No, we do not multiply the first equation by 2 and then add it to the second equation. We have to multiply the first equation by 4.
To illustrate this point, consider system A:
[tex] \left\{ \begin{aligned}x - y &= 3 \\-2x + 4y &= -2\end{aligned}\right. [/tex]
If we multiply the first equation by 2, we get
[tex] 2x - 2y = 6 [/tex]
Now, if we replace the second equation with the sum of the second equation and [tex] 2x - 2y = 6 [/tex], we get
[tex] \left\{ \begin{aligned}x - y &= 3 \\(-2x+2x) + (4y - 2y) &= -2 + 6\end{aligned}\right. [/tex]
which simplifies to
[tex] \left\{ \begin{aligned}x - y &= 3 \\2y &= 4\end{aligned}\right. [/tex]
This is not an equivalent system to System B. We can see that we ended up with a 2y = 4 equation.
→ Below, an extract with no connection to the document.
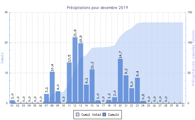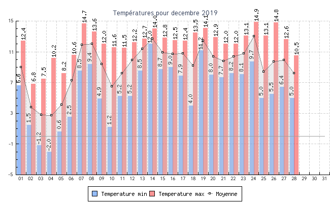 | 03 | -1.2 °C | 7.5 °C | 2.8 °C | 7.2 km/h (28.5 km/h) | NNE |

In order to end up with a 2x = 10 second equation, we have to multiply the first equation of system A by 4 to get
[tex] 4x - 4y = 12 [/tex]
If we replace the second equation with the sum of the second equation and [tex] 4x - 4y = 12 [/tex], we get
[tex] \left\{ \begin{aligned}x - y &= 3 \\(-2x+4x) + (4y-4y) &= -2 + 12\end{aligned}\right. [/tex]
which simplifies to
[tex] \left\{ \begin{aligned}x - y &= 3 \\2x &= 10\end{aligned}\right. [/tex]
Otherwise, you are correct. The solution to system B is the solution to system A. Adding an equation to another does not change the system.